4. Flight

42 13 2
                                    

Jangan lupa vote and comment..
.
.
.

happy reading, dear readers

•~•~•

h-1

1 hari sebelum konser dimulai dan hari dimana aku akan menuju lokasi konser itu.

Kami memutuskan untuk berangkat ke bandara terpisah karena jarak rumah Jaerim lebih dekat ke bandara daripada rumahku

Lagipula pagi ini aku bangun sedikit terlambat karena kemarin aku tidak bisa tidur.

Aku gugup..
Aku takut bila ada yang tertinggal.

1 setengah jam lagi pesawatku akan memulai perjalanannya.
Waktunya tidak memungkinkan bila aku kembali kerumah apabila ada yang tertinggal.

Jaerim meneleponku. Aku menduga dia pasti bertanya aku sudah sampai dimana sekarang

"Iya iya aku udah mau berangkat, tapi kenapa aku merasa seperti ada yang terting..

astaga!!

kameraku dikamar" aku bilang pada Jaerim di telpon serta berlari kekamar mengambil kamera, memorikat, dan baterainya.

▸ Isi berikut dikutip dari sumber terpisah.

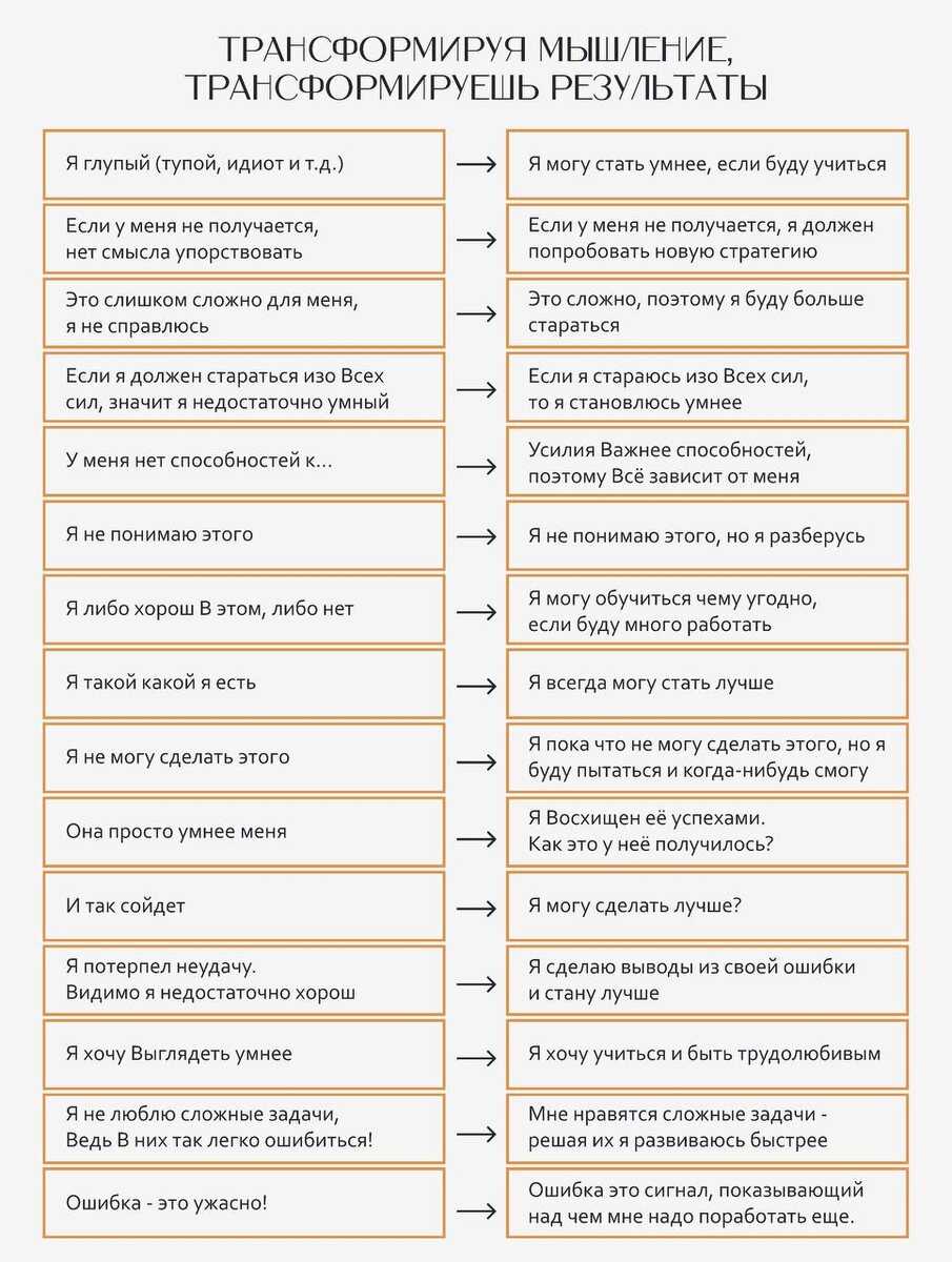 Друзья, давайте поговорим о том, что зачастую мешает нам двигаться вперед. Это не обстоятельства, не нехватка времени и даже не внешние факторы. Это наши мысли. Да-да, именно они! Часто мы сами ставим себе ментальные барьеры, не даем себе шанса попробовать, боимся ошибок или просто застреваем в привычных установках. Но что если поменять угол зрения? Давайте проверим на примерах: ❎«Я глупый»➡️«Я могу стать умнее, если буду учиться». ❎«Если у меня не получается, нет смысла упорствовать»➡️«Если у меня не получается, я должен попробовать новую стратегию». ❎«Это слишком сложно для меня, я не справлюсь»➡️«Это сложно, поэтому я буду больше стараться». ❎«У меня нет способностей к...»➡️ «Усилия важнее способностей, поэтому все зависит от меня». ❎«Я потерпел неудачу, видимо я недостаточно хорош»➡️«Я сделаю выводы из своей ошибки и стану лучше». 👉Каждая мысль из левой колонки — это тормоз. А каждая мысль из правой — это двигатель. И только вы решаете, что выбрать: стоять на месте или двигаться в

Untung saja aku mengingatnya
Aku sudah berencana mengabadikan momen ini dari awal berangkat hingga pulang.

"Kamera? kau beli kamera baru? bukannya kameramu yang dulu tidak mau menyala?" kata Jaerim

"sudah, nanti saja aku ceritakan jika sudah bertemu nanti. Bye"

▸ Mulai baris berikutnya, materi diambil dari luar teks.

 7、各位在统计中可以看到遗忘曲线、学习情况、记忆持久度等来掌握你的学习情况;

Aku mematikan sambungan teleponnya dan dengan segera menuju ke kendaraanku.

Kondisi diperjalanan sangat mendukung untungnya.

Aku tidak menemui kemacetan.
Jadi kira-kira tidak sampai 30menit aku sudah tiba di bandara.

Aku menelpon Jaerim, kami saling berbagi posisi, lalu memutuskan untuk bertemu.
.
.
.
.

"Ciee, bentar lagi ada yang mau nonton konser" senggol Jaerim mengenai sikutku

Aku tersenyum semangat merespon keusilan Jaerim.

"Oh ya, itu, tentang kameramu, kau beli lagi?" Jaerim memulai pembicaraan lagi

"Ah, tidak. Kau tau, kemarin aku mendadak teringat akan kamera ini saat packing.
Aku melihatnya dilemari, tergeletak. Aku mengambilnya, lalu mencoba menyalakannya.
Ternyata kameranya menyala, aku juga terkejut kenapa mendadak bisa menyala.
Jadi aku mengosongkan memorinya, terus kubawa deh haha"

"hahaha~ kurasa kameramu tidak mau kau meninggalkannya? kan dia selalu kau bawa kemana-mana sebelum rusak"

"hmm.. iyaa, kemarin waktu aku mengosongkan memorinya, banyak sekali fotoku tertinggal disini"

kami berbicara tentang kamera ini seolah-olah kamera ini memiliki perasaan.

Bayangkan saja seperti di film kartun Toys story.

Benda-benda ini mendadak hidup, mengetahui bahwa si pemilik itu sangat menyayanginya.
Jadi mainannya berjuang untuk bisa bersama pemiliknya terus menerus.

Mungkin kameraku berjuang untuk hidup agar dia tidak ketinggalan momen pertamaku menonton konser?

Tapi,
Kameraku kehilangan tasnya.

Bukan kehilangan, barang itu ada di rumah, tapi rusak.

Pertama kupikir hanya talinya yang lepas. Setelah kujahit, resletingnya terbuka tidak mau ditutup, menyebalkan.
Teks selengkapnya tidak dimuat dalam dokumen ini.